Starting from the line with "Pot à bonsaï" and going up to and including the line with "Optimization-Based Design of", copy the listing below exactly. Leave all images out.
··· Extracted material ···
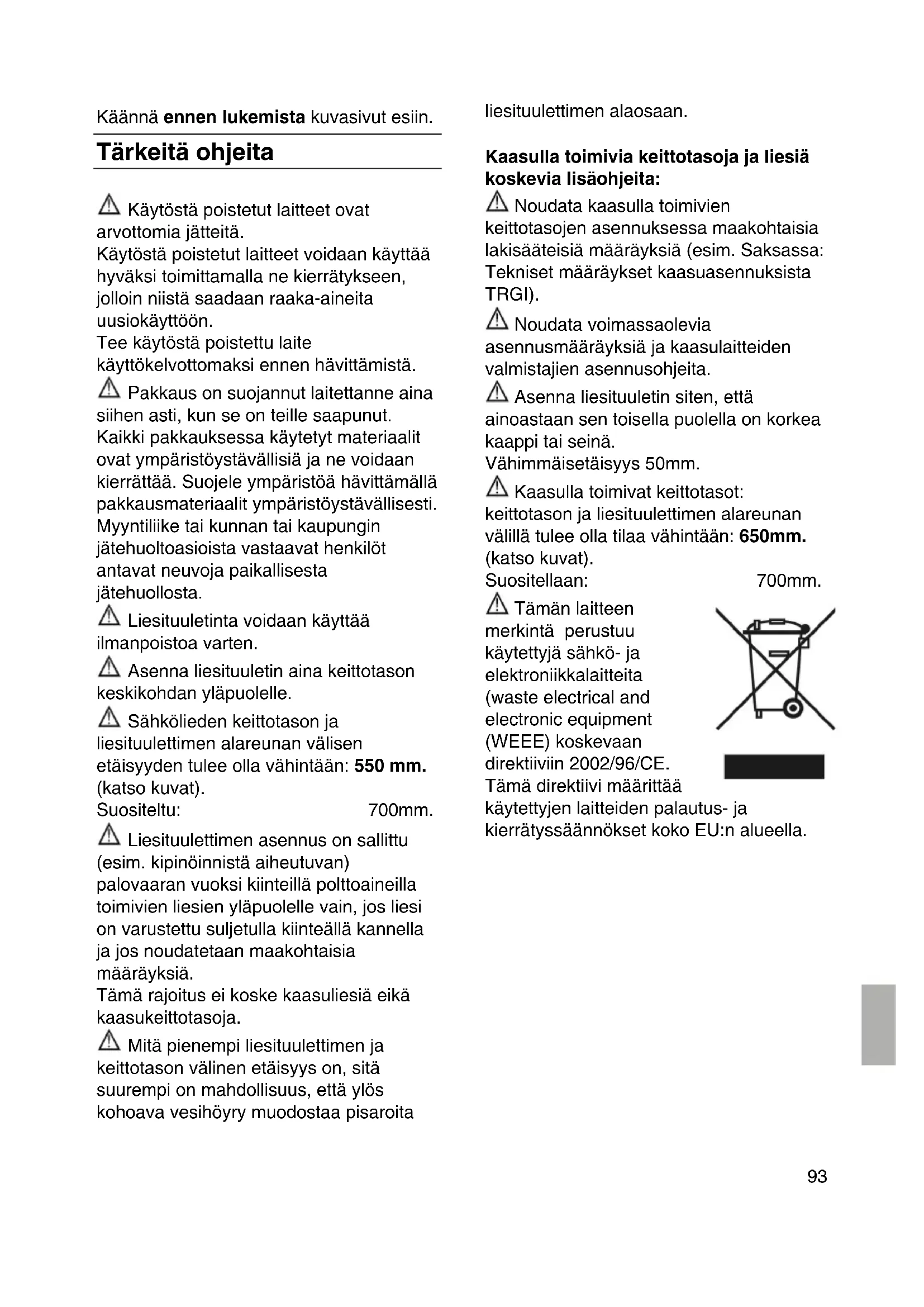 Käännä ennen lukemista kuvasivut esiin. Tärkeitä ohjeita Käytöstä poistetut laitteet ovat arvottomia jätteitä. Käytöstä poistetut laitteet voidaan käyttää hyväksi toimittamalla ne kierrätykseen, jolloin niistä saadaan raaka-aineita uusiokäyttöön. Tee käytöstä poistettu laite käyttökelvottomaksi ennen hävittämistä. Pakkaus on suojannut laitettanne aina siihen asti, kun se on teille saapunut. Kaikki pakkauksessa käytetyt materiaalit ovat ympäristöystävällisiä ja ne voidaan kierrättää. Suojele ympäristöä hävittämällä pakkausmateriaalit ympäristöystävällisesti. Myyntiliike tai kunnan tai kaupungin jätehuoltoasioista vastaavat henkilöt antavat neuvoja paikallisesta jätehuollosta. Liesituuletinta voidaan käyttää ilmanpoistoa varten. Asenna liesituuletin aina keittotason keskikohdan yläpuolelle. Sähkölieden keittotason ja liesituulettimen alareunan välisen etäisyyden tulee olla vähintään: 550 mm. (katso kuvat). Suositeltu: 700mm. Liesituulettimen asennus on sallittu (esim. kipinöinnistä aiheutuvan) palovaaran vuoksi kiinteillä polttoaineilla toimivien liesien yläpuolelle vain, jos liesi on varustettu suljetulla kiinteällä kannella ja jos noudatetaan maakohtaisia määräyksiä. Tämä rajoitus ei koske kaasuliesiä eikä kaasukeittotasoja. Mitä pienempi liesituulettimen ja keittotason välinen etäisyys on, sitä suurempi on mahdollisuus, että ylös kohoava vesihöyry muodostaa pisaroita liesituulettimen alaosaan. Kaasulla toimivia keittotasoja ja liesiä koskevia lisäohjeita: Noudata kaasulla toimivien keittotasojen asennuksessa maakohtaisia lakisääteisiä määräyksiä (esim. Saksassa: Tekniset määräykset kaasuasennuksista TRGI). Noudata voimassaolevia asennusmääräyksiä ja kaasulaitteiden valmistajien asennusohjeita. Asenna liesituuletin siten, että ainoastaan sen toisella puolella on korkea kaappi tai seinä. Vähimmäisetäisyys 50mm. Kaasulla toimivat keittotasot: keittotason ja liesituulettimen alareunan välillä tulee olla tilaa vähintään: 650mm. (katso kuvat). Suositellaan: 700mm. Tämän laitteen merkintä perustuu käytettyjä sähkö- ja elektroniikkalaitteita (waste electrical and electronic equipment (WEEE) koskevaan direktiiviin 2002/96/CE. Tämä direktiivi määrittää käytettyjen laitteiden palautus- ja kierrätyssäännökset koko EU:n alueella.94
···
··· Extracted material ···
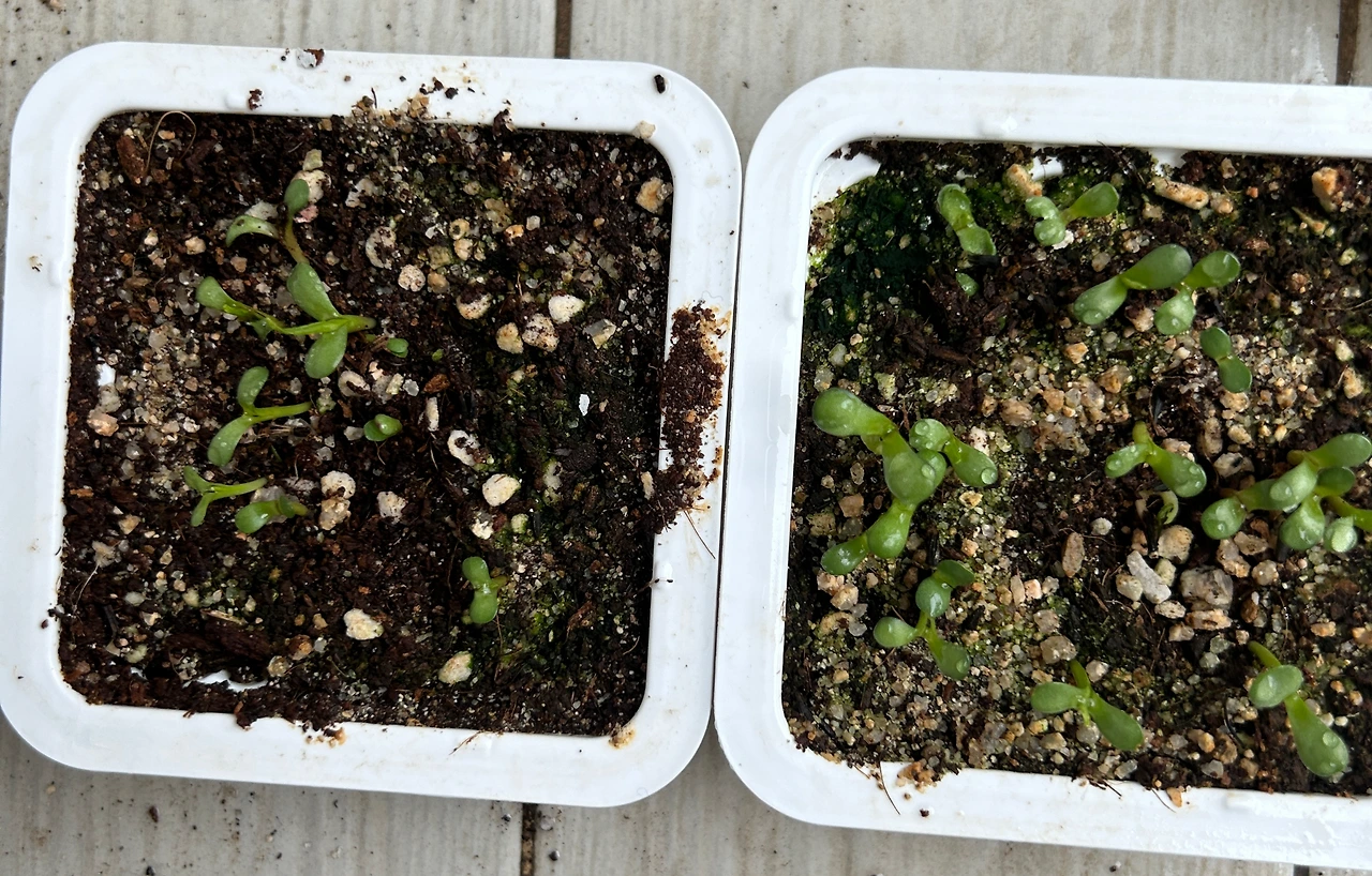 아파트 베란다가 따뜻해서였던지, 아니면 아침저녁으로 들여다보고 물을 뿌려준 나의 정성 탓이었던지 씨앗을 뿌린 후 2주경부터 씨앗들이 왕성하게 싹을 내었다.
···
··· Extracted material ···
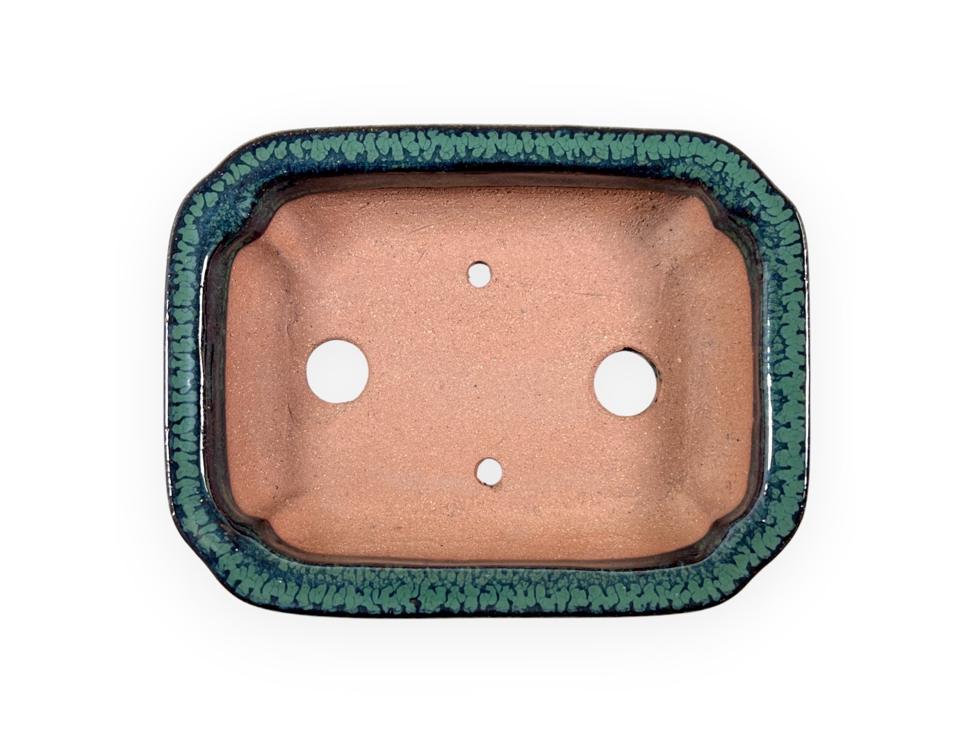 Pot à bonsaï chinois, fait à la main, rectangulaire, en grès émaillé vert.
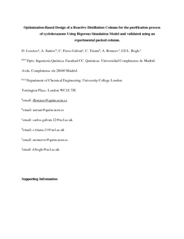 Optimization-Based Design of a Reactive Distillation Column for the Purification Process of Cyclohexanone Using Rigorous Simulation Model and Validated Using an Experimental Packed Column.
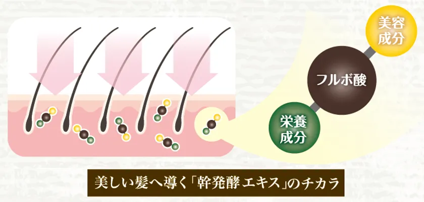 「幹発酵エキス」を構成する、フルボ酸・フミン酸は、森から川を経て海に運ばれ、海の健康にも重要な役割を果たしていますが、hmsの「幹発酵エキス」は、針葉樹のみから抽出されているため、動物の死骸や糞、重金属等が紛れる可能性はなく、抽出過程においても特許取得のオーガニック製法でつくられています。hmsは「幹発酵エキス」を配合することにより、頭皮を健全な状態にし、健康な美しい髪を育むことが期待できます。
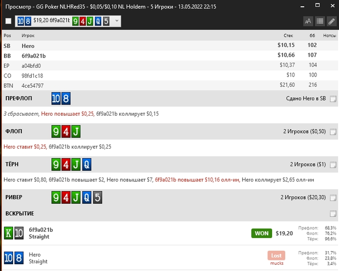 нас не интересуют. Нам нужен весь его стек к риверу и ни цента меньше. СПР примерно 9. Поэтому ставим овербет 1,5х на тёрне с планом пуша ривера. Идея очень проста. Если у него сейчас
···
> _Your solution_:
 Pot à bonsaï chinois, fait à la main, rectangulaire, en grès émaillé vert.
 Optimization-Based Design of a Reactive Distillation Column for the Purification Process of Cyclohexanone Using Rigorous Simulation Model and Validated Using an Experimental Packed Column.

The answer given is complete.